▶ [WORK ORDER]
Return, without pictures, the lines from the start of the data through the one that contains "The property comprises".

[Stored data entries]

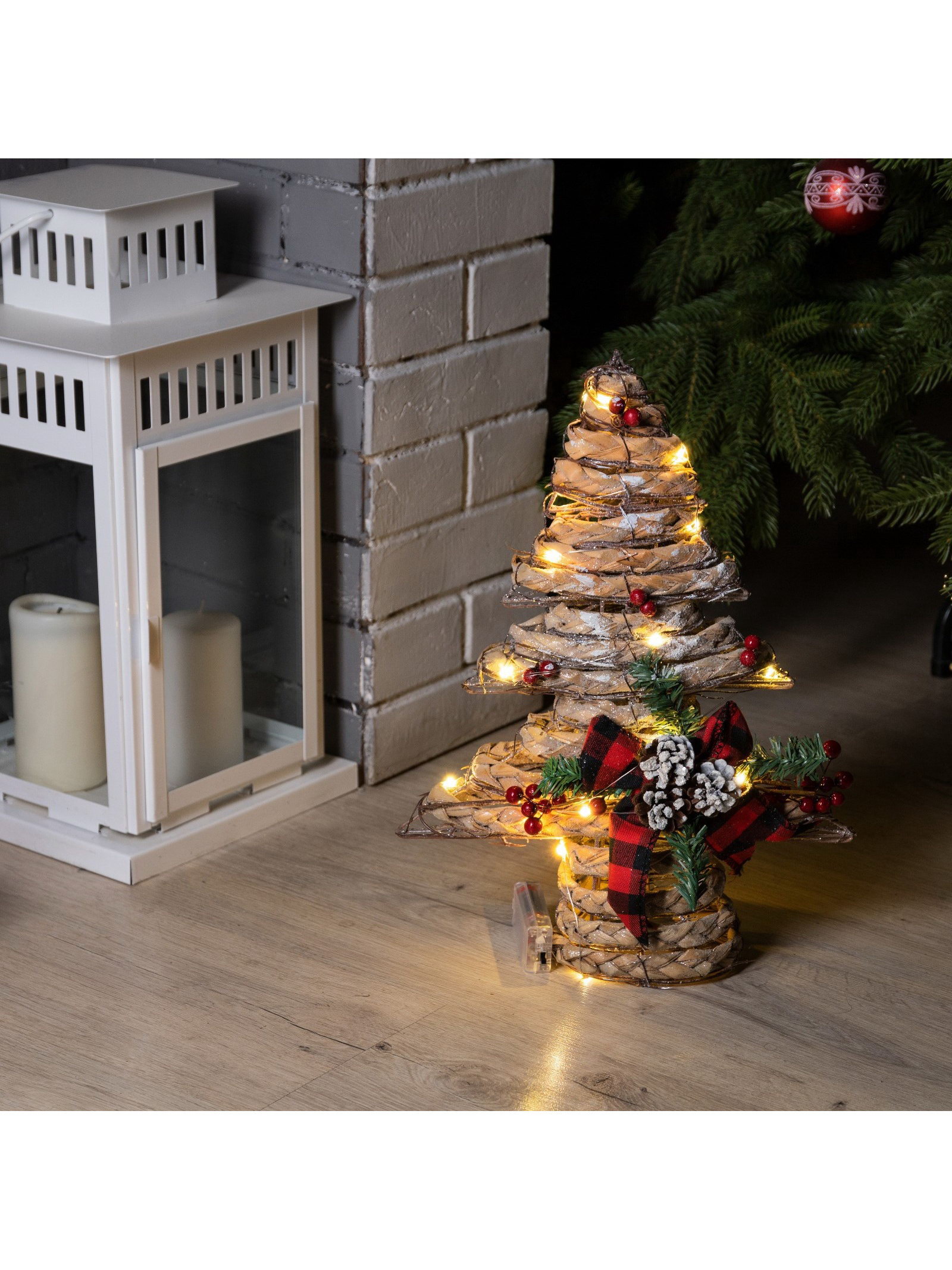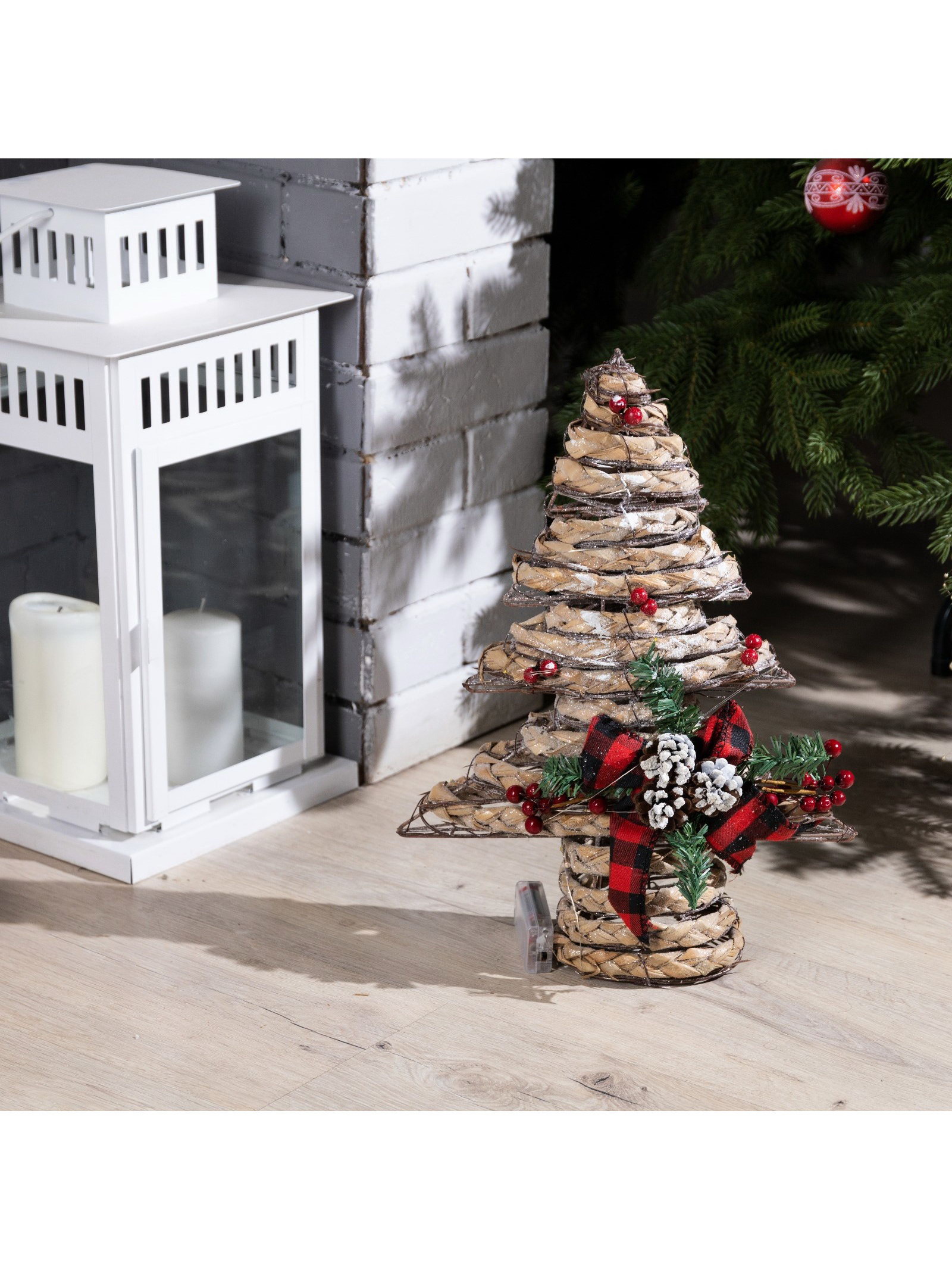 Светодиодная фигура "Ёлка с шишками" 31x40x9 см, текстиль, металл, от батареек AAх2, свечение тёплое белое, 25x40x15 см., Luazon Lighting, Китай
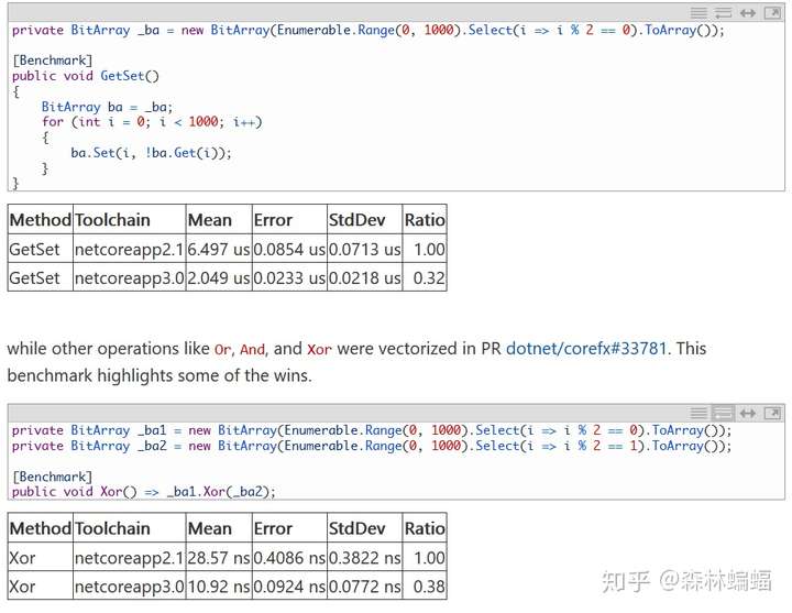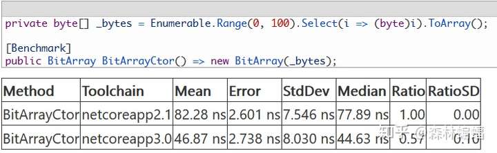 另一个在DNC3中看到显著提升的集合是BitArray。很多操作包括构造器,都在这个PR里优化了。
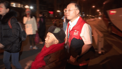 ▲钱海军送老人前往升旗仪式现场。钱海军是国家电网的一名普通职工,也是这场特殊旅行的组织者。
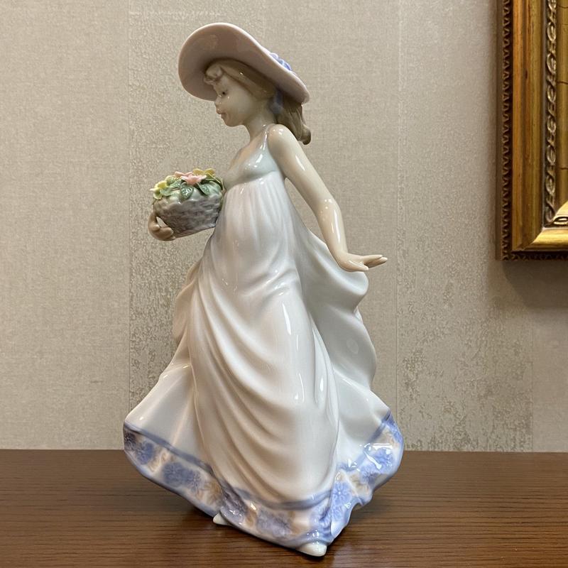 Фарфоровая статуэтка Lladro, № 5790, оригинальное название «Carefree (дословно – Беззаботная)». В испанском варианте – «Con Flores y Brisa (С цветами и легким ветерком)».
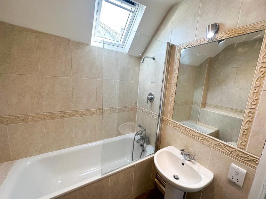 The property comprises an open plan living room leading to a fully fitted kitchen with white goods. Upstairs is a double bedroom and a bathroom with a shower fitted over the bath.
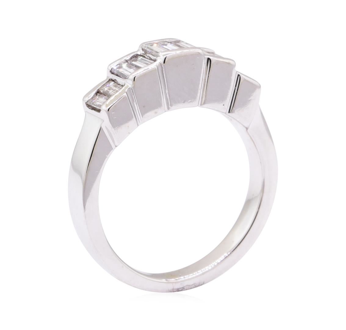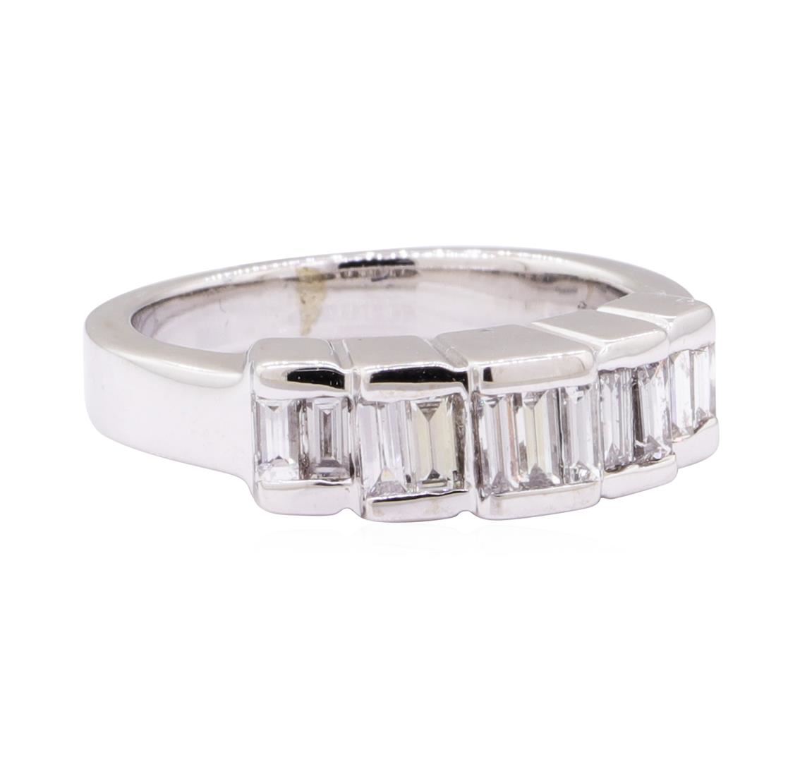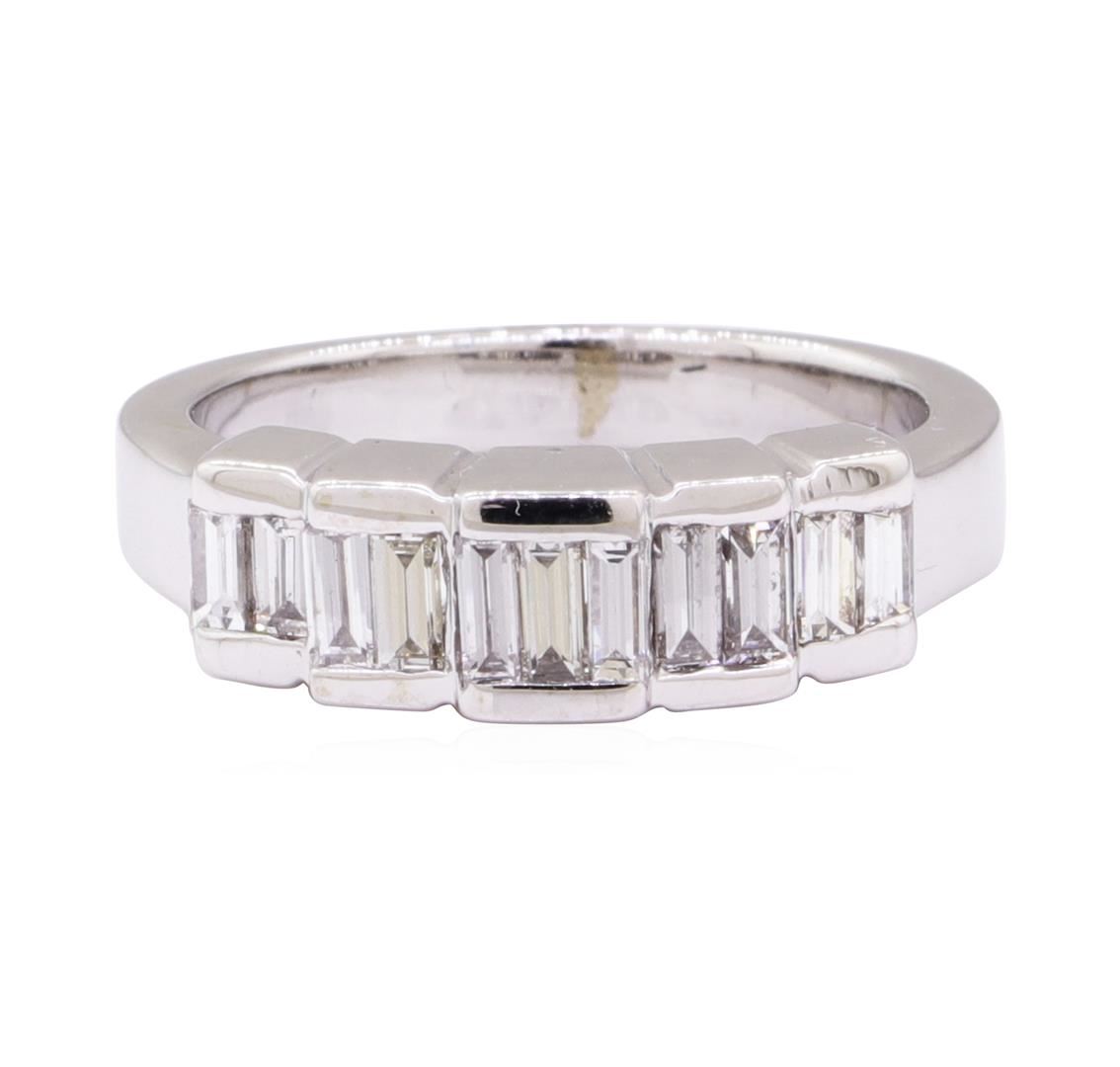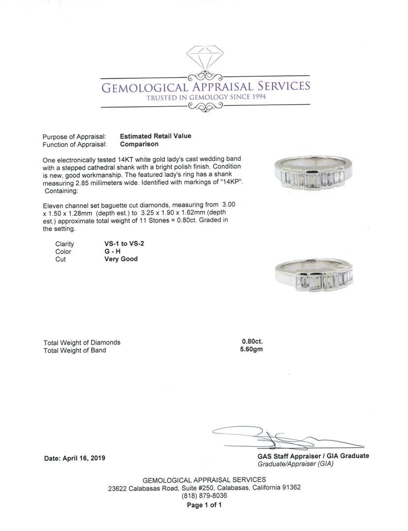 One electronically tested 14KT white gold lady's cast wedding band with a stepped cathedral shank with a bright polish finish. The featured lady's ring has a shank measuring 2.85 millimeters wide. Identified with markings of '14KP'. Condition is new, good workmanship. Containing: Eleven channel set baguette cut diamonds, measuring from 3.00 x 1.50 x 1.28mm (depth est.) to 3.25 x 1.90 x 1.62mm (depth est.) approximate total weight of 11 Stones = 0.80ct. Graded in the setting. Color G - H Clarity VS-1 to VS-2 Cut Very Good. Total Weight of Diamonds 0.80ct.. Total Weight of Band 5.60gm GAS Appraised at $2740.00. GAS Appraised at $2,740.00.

▶ [RESULT OF THIS EXERCISE]
 Светодиодная фигура "Ёлка с шишками" 31x40x9 см, текстиль, металл, от батареек AAх2, свечение тёплое белое, 25x40x15 см., Luazon Lighting, Китай
 另一个在DNC3中看到显著提升的集合是BitArray。很多操作包括构造器,都在这个PR里优化了。
 ▲钱海军送老人前往升旗仪式现场。钱海军是国家电网的一名普通职工,也是这场特殊旅行的组织者。
 Фарфоровая статуэтка Lladro, № 5790, оригинальное название «Carefree (дословно – Беззаботная)». В испанском варианте – «Con Flores y Brisa (С цветами и легким ветерком)».
 The property comprises an open plan living room leading to a fully fitted kitchen with white goods. Upstairs is a double bedroom and a bathroom with a shower fitted over the bath.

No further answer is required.